+++ THE RECORDS

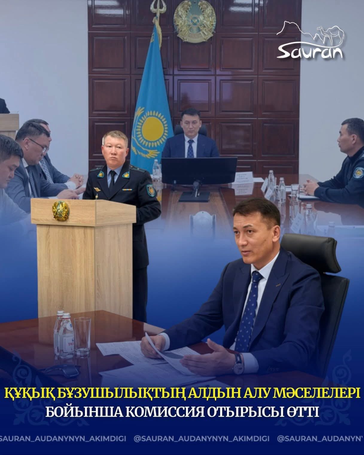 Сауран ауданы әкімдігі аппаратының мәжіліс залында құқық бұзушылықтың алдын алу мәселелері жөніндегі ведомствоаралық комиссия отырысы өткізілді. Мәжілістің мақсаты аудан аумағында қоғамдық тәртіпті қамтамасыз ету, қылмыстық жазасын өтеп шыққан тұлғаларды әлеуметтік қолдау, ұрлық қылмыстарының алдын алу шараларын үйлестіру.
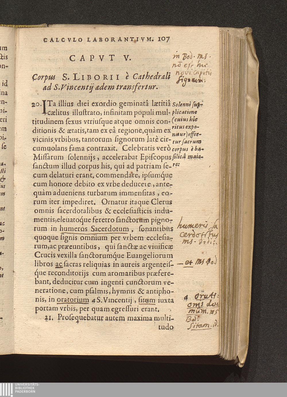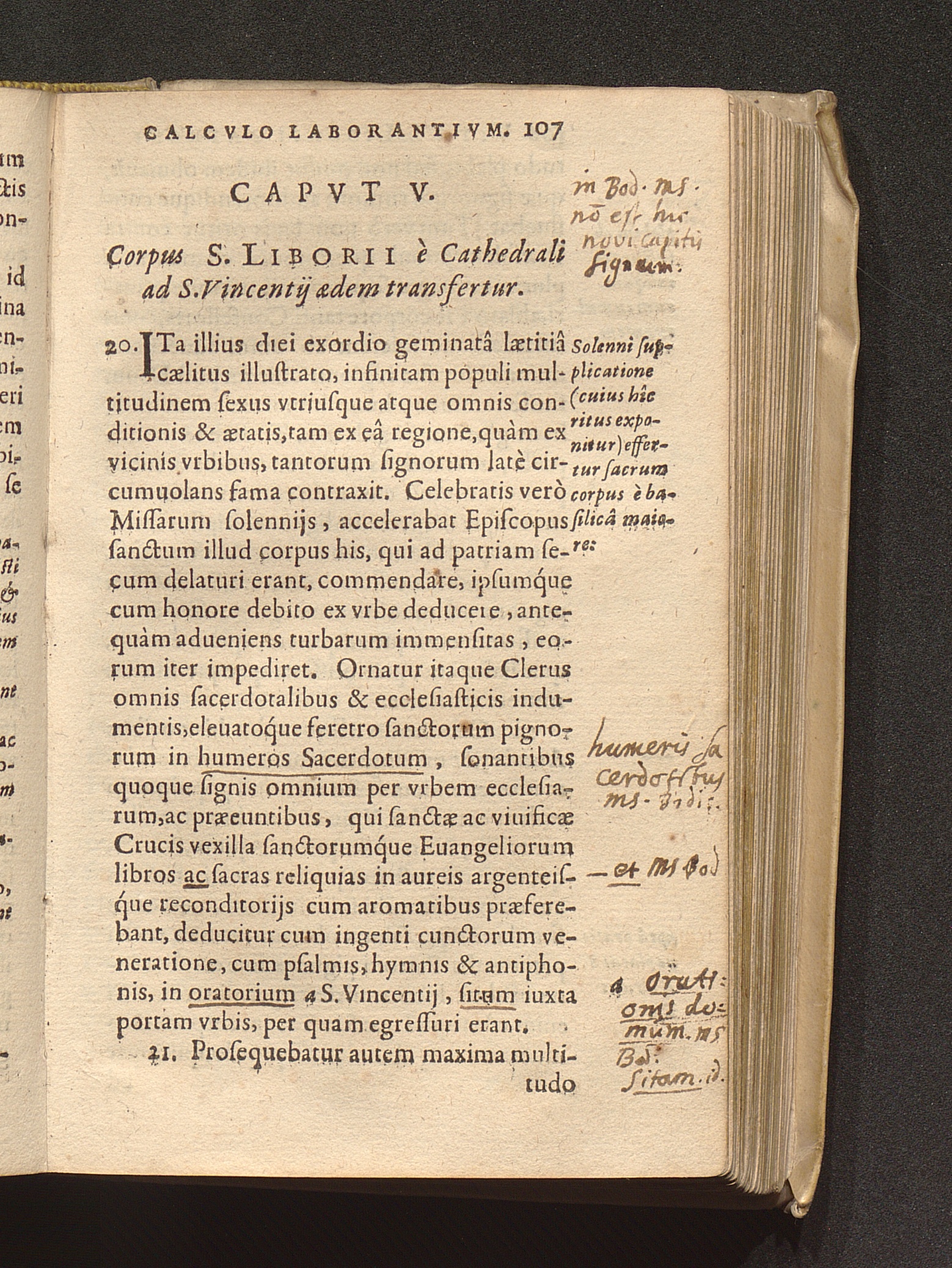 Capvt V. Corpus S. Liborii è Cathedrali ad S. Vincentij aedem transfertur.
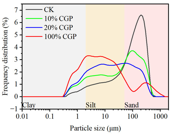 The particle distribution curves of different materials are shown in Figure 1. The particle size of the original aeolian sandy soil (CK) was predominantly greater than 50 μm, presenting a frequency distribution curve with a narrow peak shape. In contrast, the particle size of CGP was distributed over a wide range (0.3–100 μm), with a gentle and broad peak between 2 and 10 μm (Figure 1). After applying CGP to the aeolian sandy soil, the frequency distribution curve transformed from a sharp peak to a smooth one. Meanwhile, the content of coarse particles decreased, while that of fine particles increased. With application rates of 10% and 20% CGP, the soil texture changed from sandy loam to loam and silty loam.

++++++
+++ THE RECORDS

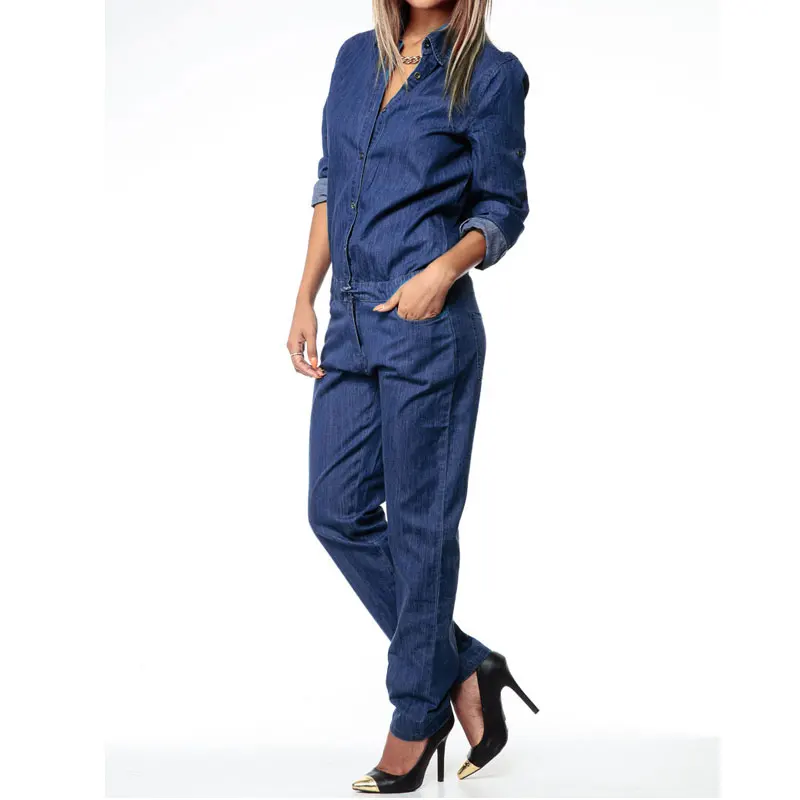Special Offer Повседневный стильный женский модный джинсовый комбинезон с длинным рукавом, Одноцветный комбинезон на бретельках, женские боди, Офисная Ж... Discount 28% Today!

++++++

> **WHAT IS NEEDED**
The answer must be the part of the records that opens with the line containing "Сауран ауданы әкімдігі" and closes with the line containing "The particle distribution", reproduced exactly, with no pictures.

> **RESPONSE TO THIS EXERCISE**
 Сауран ауданы әкімдігі аппаратының мәжіліс залында құқық бұзушылықтың алдын алу мәселелері жөніндегі ведомствоаралық комиссия отырысы өткізілді. Мәжілістің мақсаты аудан аумағында қоғамдық тәртіпті қамтамасыз ету, қылмыстық жазасын өтеп шыққан тұлғаларды әлеуметтік қолдау, ұрлық қылмыстарының алдын алу шараларын үйлестіру.
 Capvt V. Corpus S. Liborii è Cathedrali ad S. Vincentij aedem transfertur.
 The particle distribution curves of different materials are shown in Figure 1. The particle size of the original aeolian sandy soil (CK) was predominantly greater than 50 μm, presenting a frequency distribution curve with a narrow peak shape. In contrast, the particle size of CGP was distributed over a wide range (0.3–100 μm), with a gentle and broad peak between 2 and 10 μm (Figure 1). After applying CGP to the aeolian sandy soil, the frequency distribution curve transformed from a sharp peak to a smooth one. Meanwhile, the content of coarse particles decreased, while that of fine particles increased. With application rates of 10% and 20% CGP, the soil texture changed from sandy loam to loam and silty loam.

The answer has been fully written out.